Up to now, your drawing units have been display pixels, also known as device coordinates. The EX04A drawing units are pixels because the device context has the default mapping mode, MM_TEXT, assigned to it. The statement
pDC->Rectangle(CRect(0, 0, 200, 200));
draws a square of 200-by-200 pixels, with its top-left corner at the top left of the window's client area. (Positive y values increase as you move down the window.) This square would look smaller on a high-resolution display of 1024-by-768 pixels than it would look on a standard VGA display that is 640-by-480 pixels, and it would look tiny if printed on a laser printer with 600-dpi resolution. (Try EX04A's Print Preview feature to see for yourself.)
What if you want the square to be 4-by-4 centimeters (cm), regardless of the display device? Windows provides a number of other mapping modes, or coordinate systems, that can be associated with the device context. Coordinates in the current mapping mode are called logical coordinates. If you assign the MM_HIMETRIC mapping mode, for example, a logical unit is 1/100 millimeter (mm) instead of 1 pixel. In the MM_HIMETRIC mapping mode, the y axis runs in the opposite direction to that in the MM_TEXT mode: y values decrease as you move down. Thus, a 4-by-4-cm square is drawn in logical coordinates this way:
pDC->Rectangle(CRect(0, 0, 4000, -4000));
Looks easy, doesn't it? Well, it isn't, because you can't work only in
logical coordinates. Your program is always switching between device coordinates and logical coordinates, and you need to know when to convert between them. This section gives you a few rules that could make your programming life easier. First you need to know what mapping modes Windows gives you.
The MM_TEXT Mapping Mode
At first glance, MM_TEXT appears to be no mapping mode at all, but rather another name for device coordinates. Almost. In MM_TEXT, coordinates map to pixels, values of x increase as you move right, and values of y increase as you move down, but you're allowed to change the origin through calls to the CDC functions SetViewportOrg and SetWindowOrg. Here's some code that sets the window origin to (100, 100) in logical coordinate space and then draws a 200-by-200-pixel square offset by (100, 100). (An illustration of the output is shown in Figure 4-2.) The logical point (100, 100) maps to the device point (0, 0). A scrolling window uses this kind of transformation.
void CMyView::OnDraw(CDC* pDC) { pDC->SetMapMode(MM_TEXT); pDC->SetWindowOrg(CPoint(100, 100)); pDC->Rectangle(CRect(100, 100, 300, 300)); }
Figure 4-2. A square drawn after the origin has been moved to (100, 100).
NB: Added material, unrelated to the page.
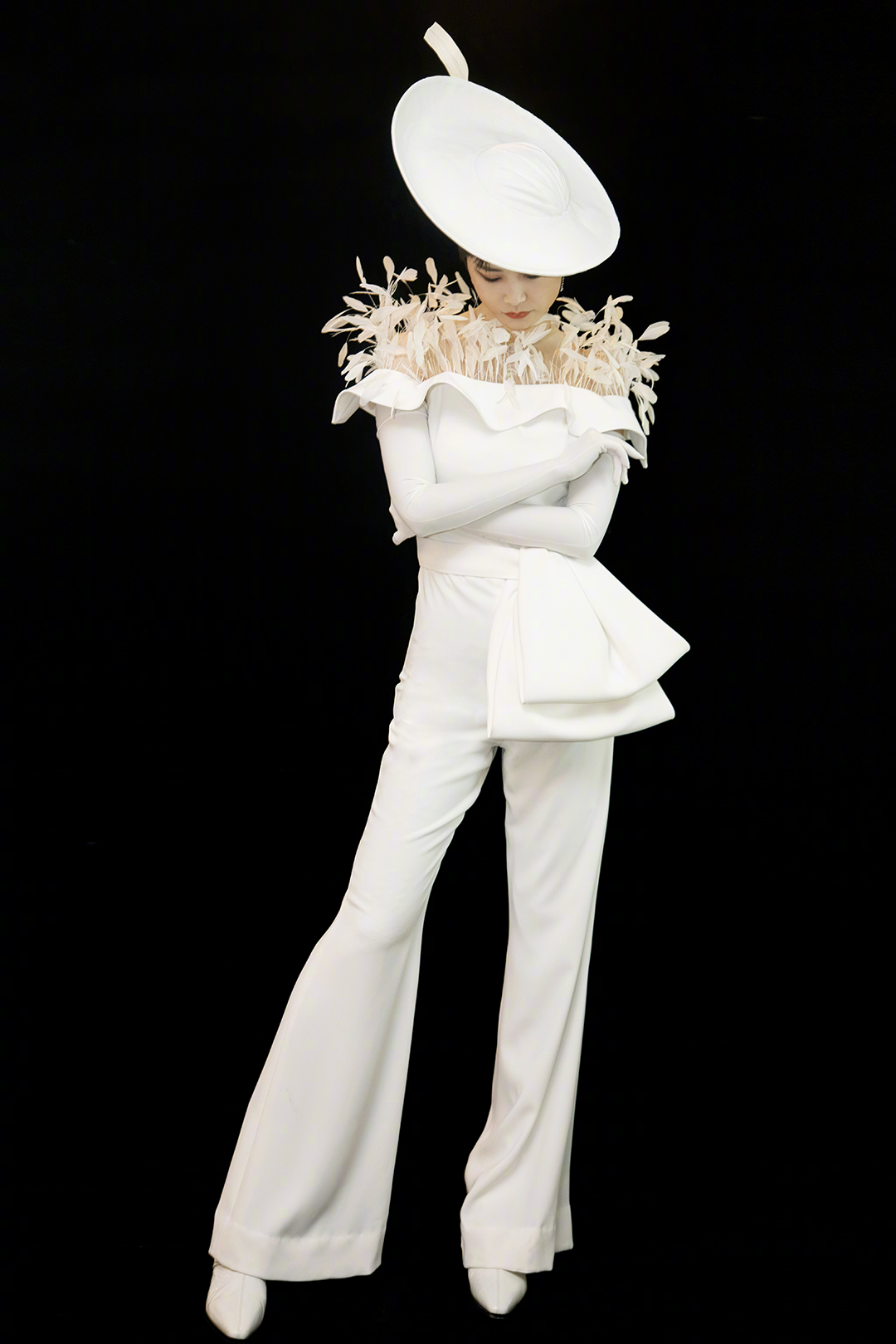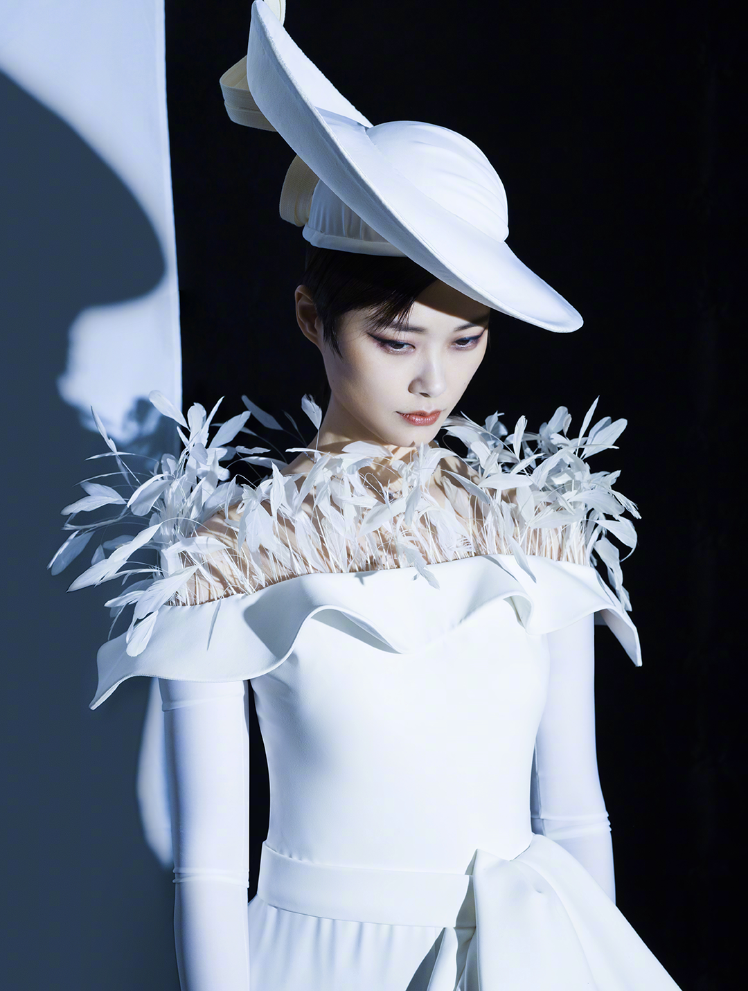 利用褶皱打造的贝壳面平顶帽,带着18-19世纪的复古之雅。不愧是让国外时尚媒体也垂怜的春春,这股气质绝了。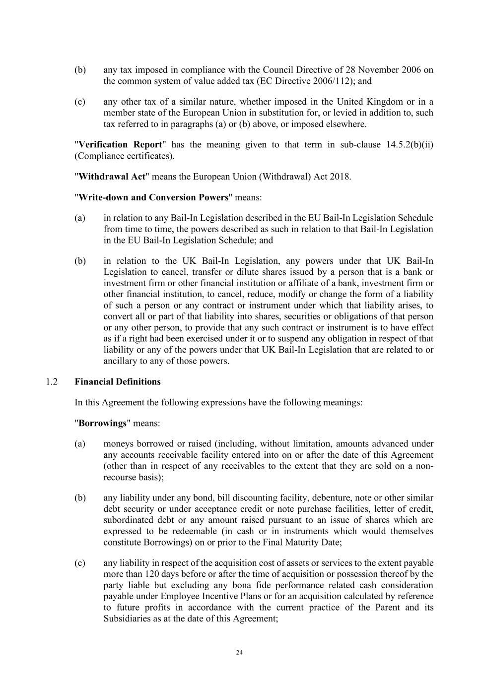 24 (b) any tax imposed in compliance with the Council Directive of 28 November 2006 on the common system of value added tax (EC Directive 2006/112); and (c) any other tax of a similar nature, whether imposed in the United Kingdom or in a member state of the European Union in substitution for, or levied in addition to, such tax referred to in paragraphs (a) or (b) above, or imposed elsewhere. "Verification Report" has the meaning given to that term in sub-clause 14.5.2(b)(ii) (Compliance certificates). "Withdrawal Act" means the European Union (Withdrawal) Act 2018. "Write-down and Conversion Powers" means: (a) in relation to any Bail-In Legislation described in the EU Bail-In Legislation Schedule from time to time, the powers described as such in relation to that Bail-In Legislation in the EU Bail-In Legislation Schedule; and (b) in relation to the UK Bail-In Legislation, any powers under that UK Bail-In Legislation to cancel, transfer or dilute shares issued by a person that is a bank or investment firm or other financial institution or affiliate of a bank, investment firm or other financial institution, to cancel, reduce, modify or change the form of a liability of such a person or any contract or instrument under which that liability arises, to convert all or part of that liability into shares, securities or obligations of that person or any other person, to provide that any such contract or instrument is to have effect as if a right had been exercised under it or to suspend any obligation in respect of that liability or any of the powers under that UK Bail-In Legislation that are related to or ancillary to any of those powers. 1.2 Financial Definitions In this Agreement the following expressions have the following meanings: "Borrowings" means: (a) moneys borrowed or raised (including, without limitation, amounts advanced under any accounts receivable facility entered into on or after the date of this Agreement (other than in respect of any receivables to the extent that they are sold on a non- recourse basis); (b) any liability under any bond, bill discounting facility, debenture, note or other similar debt security or under acceptance credit or note purchase facilities, letter of credit, subordinated debt or any amount raised pursuant to an issue of shares which are expressed to be redeemable (in cash or in instruments which would themselves constitute Borrowings) on or prior to the Final Maturity Date; (c) any liability in respect of the acquisition cost of assets or services to the extent payable more than 120 days before or after the time of acquisition or possession thereof by the party liable but excluding any bona fide performance related cash consideration payable under Employee Incentive Plans or for an acquisition calculated by reference to future profits in accordance with the current practice of the Parent and its Subsidiaries as at the date of this Agreement;

The Fixed-Scale Mapping Modes
One important group of Windows mapping modes provides fixed scaling. You have already seen that, in the MM_HIMETRIC mapping mode, x values increase as you move right and y values decrease as you move down. All fixed mapping modes follow this convention, and you can't change it. The only difference among the fixed mapping modes is the actual scale factor, listed in the table shown here.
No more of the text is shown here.